Наши пехотинцы, не совсем выдерживая строй, шагают нам на помощь. Их цель — враги, построенные в каре. Командир шведов в окружении нескольких офицеров скачет в середине каре на саврасом жеребце. Ему под пятьдесят. Держится уверенно и спокойно. Ему переживать особо нечего, потому что полковников принято брать в плен. За полком остается дорожка погибших и раненых шведских солдат, как метки в детской игре казаки-разбойники. Шведов обстреливают из луков татары и калмыки, нанося немалый урон. Мои драгуны знают, что нельзя соваться на штыки солдат, построенных в каре. Кое-кто из эскадрона, вооруженного пистолетами, постреливает в них, а остальные предпочитают догонять и уничтожать солдат из других подразделений, которые убегают группками и поодиночке.

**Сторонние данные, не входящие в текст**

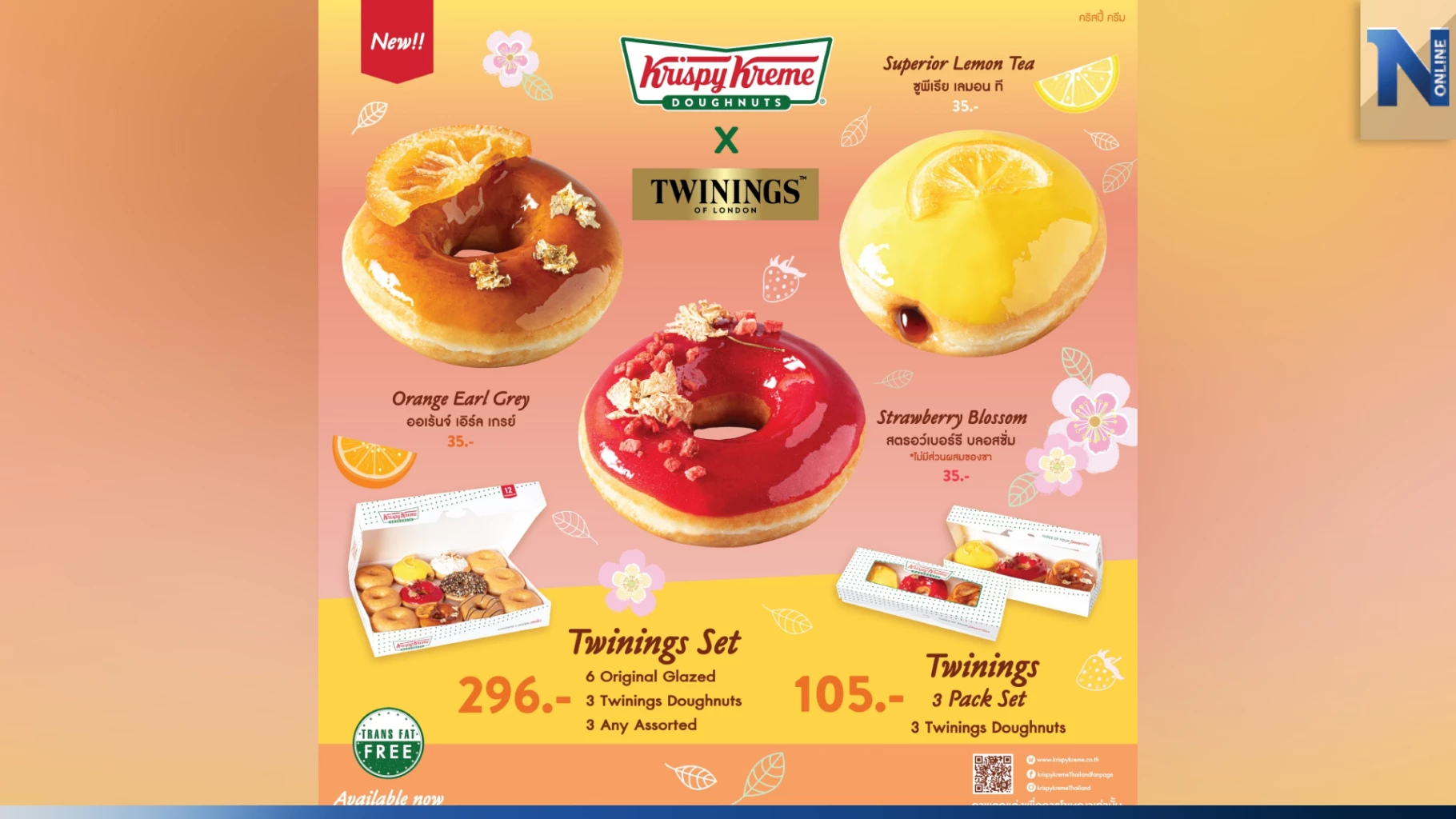 มาลิ้มลองรสชาติสุดพิเศษครั้งแรกในไทย ที่ยากจะลืมของ “คริสปี้ ครีม x ทไวนิงส์ โดนัท” (Krispy Kreme x Twinings Doughnuts) ในราคาเพียงชิ้นละ 35 บาท หรือแบบแพ็ก 3 ในราคา 105 บาท (ทไวนิงส์ โดนัท 3 ชิ้น) หรือจัดเต็มความอร่อยกับแบบเซ็ต ในราคาเพียง 296 บาท (ออริจินัล เกลซ 6 ชิ้น, แอสซอร์ทเตท 3 ชิ้น และทไวนิงส์ โดนัท 3 ชิ้น) ตั้งแต่วันที่ 6 มิถุนายน - 16 กรกฎาคม 2566 ณ ร้านคริสปี้ ครีม กว่า 50 สาขา ทั้งกรุงเทพฯ และต่างจังหวัด (ราคาดังกล่าว ยกเว้น สาขาสนามบินสุวรรณภูมิ และสนามบินดอนเมือง) หรือสั่งผ่านแอปพลิเคชัน ฟู้ดเดลิเวอรี่

Наши пехотинцы догоняют каре, останавливаются шагах в пятидесяти и стреляют залпом. Ближний к ним ряд шведского каре сильно редеет. После второго залпа шведские солдаты ломаются психологически, бросают строй и бегут к лесу. Полковник кричит, пытаясь остановить их, но не долго. Подогнав коня шпорами, скачет вместе с другими уцелевшими офицерами полка вслед за удирающей конницей, которую преследуют казаки. За солдатами его полка начинают охоту наша конница, мои драгуны и Бауэра и Вердена. До леса удается добежать паре сотен или чуть больше. Там за ними гоняться никто не хочет. К тому же начались вечерние сумерки, а надо еще и трофеи собрать.

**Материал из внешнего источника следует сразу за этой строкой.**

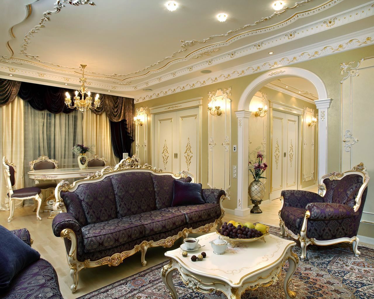 Modern baroque in the interior of the living room is distinguished by stucco molding covered with a thin layer of gold or gold paint - this is how the palaces of the nobility were decorated mainly, where the interiors served to demonstrate the wealth and high position of their owners. Today, such chic is hardly appropriate, therefore, walls and stucco moldings are painted not only in a gold tone, but also in various other colors (for example, white, gray or pink).

Мои драгуны рассыпаются по полю боя. Курильщики ищут в первую очередь табак и трубки, а потом и то, что интересует всех — деньги и изделия из золота и серебра: кольца, цепочки, медальоны… Такое можно заныкать, а потом продать маркитантам. Трофейное оружие, амуницию и лошадей придется сдавать. Война теряет для солдата большую часть своей привлекательности. Наваривается в случае победы только государство. Зато солдатам теперь не надо тратиться на вооружение и обмундирование.

47

Мы простояли у мызы Гуммельсгофе три дня. Хоронили своих и чужих, собирали и подсчитывали трофеи. В сражении погибло около пяти с половиной тысяч шведских солдат. Сколько точно — никто особо не считал. Пленные шведы вырыли несколько глубоких ям, в которые покидали трупы без счета и засыпали землей. Наши прикинули, что удрала примерно тысяча с небольшим. Вычли три сотни попавших в плен — и получили нужную цифру. Также мы захватили всю их артиллерию, обоз и двадцать одну расшитую тряпку под названием знамя. Наших погибло чуть более четырех сотен, и около тысячи раненых. Среди погибших любимец Шереметева, командир пехотного полка Лим. Захваченный обоз пришлось сдать интендантам, зато шведских лошадей поменяли на своих. У врага лошади крупнее и, как следствие, скачут быстрее. Теперь мой полк выглядел круче остальных драгунских.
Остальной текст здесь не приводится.